A Mountain bar has a mass of 6.7×10−2 kg and a calorie rating of 270 cal.

What speed would this candy bar have if its kinetic energy were equal to its metabolic energy? [Note: The nutritional calorie, 1 Cal , is equivalent to 1000 calories (1000 Cal ) as defined in physics. In addition, the conversion factor between calories and joules is as follows: 1 = 1000 Cal = 1KCal = 4186 J .]

To find the speed of the candy bar, we first need to calculate its kinetic energy and metabolic energy.

The kinetic energy (KE) of an object can be calculated using the formula:

KE = (1/2) * mass * speed^2

The metabolic energy (ME) is given as 270 cal. To convert it to joules, we'll use the conversion factor provided:

1 cal = 4186 J

1 Cal = 1000 cal

Therefore, 270 cal = (270/1) * (4186/1) J = 270 * 4186 J

Now, let's equate the kinetic energy and metabolic energy:

KE = ME

(1/2) * mass * speed^2 = ME

Substituting the given values, we get:

(1/2) * (6.7×10^(-2)) kg * speed^2 = 270 * 4186 J

Simplifying the equation:

(6.7×10^(-2) * speed^2) = (270 * 4186 * 2)

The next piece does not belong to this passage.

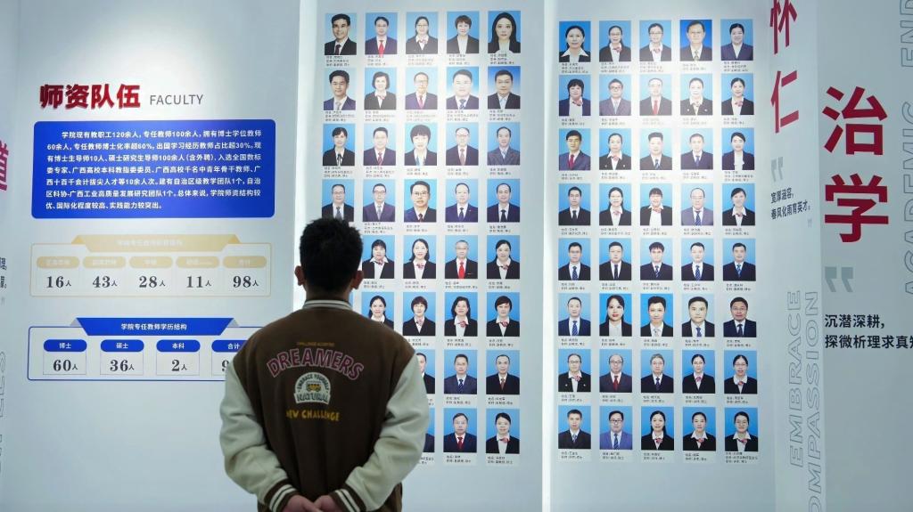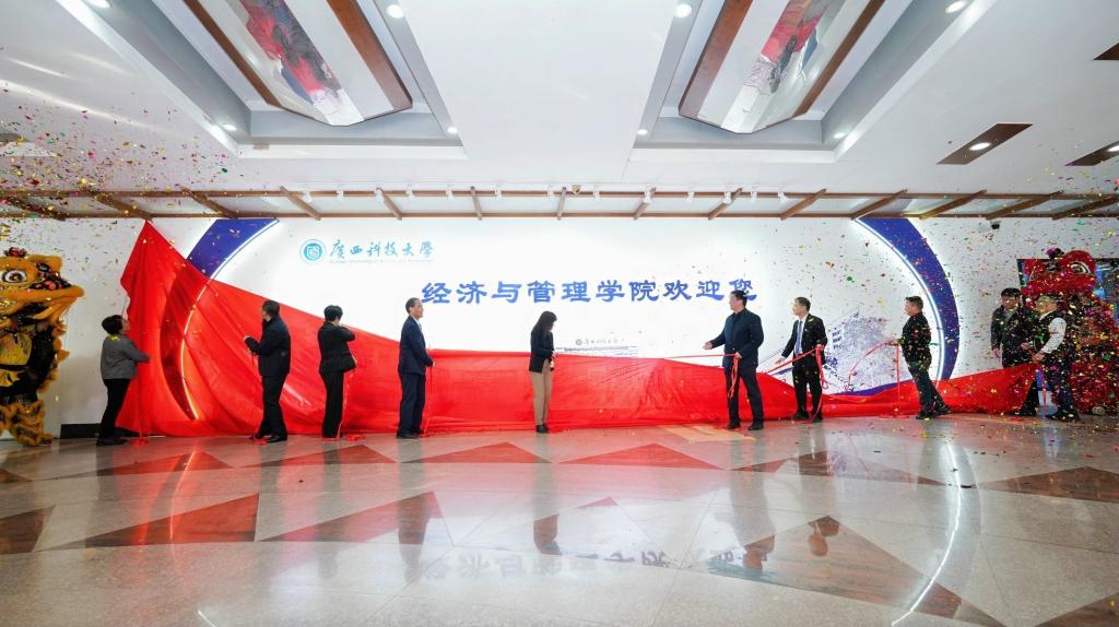 2025年12月6日下午,广西科技大学经济与管理学院院史展厅揭牌仪式暨校友座谈会在文昌校区第四教学楼隆重举行。学校党委常委、副校长邓朗妮,学院领导班子成员、退休教师代表、校友代表及在校师生代表近百人齐聚一堂,共叙情谊、展望未来。

Dividing both sides of the equation by (6.7×10^(-2)), we get:

speed^2 = (270 * 4186 * 2) / (6.7×10^(-2))

Now, we can solve for speed by taking the square root of both sides of the equation:

speed = √[(270 * 4186 * 2) / (6.7×10^(-2))]

Calculating the value:

speed ≈ √[2277480 / (6.7×10^(-2))]

speed ≈ √[2277480 * (10^2 / 6.7)]

speed ≈ √[2277480 * 14.92]

speed ≈ √[33970957.6]

speed ≈ 5828.8 m/s

Therefore, the speed of the candy bar would be approximately 5828.8 meters per second if its kinetic energy were equal to its metabolic energy.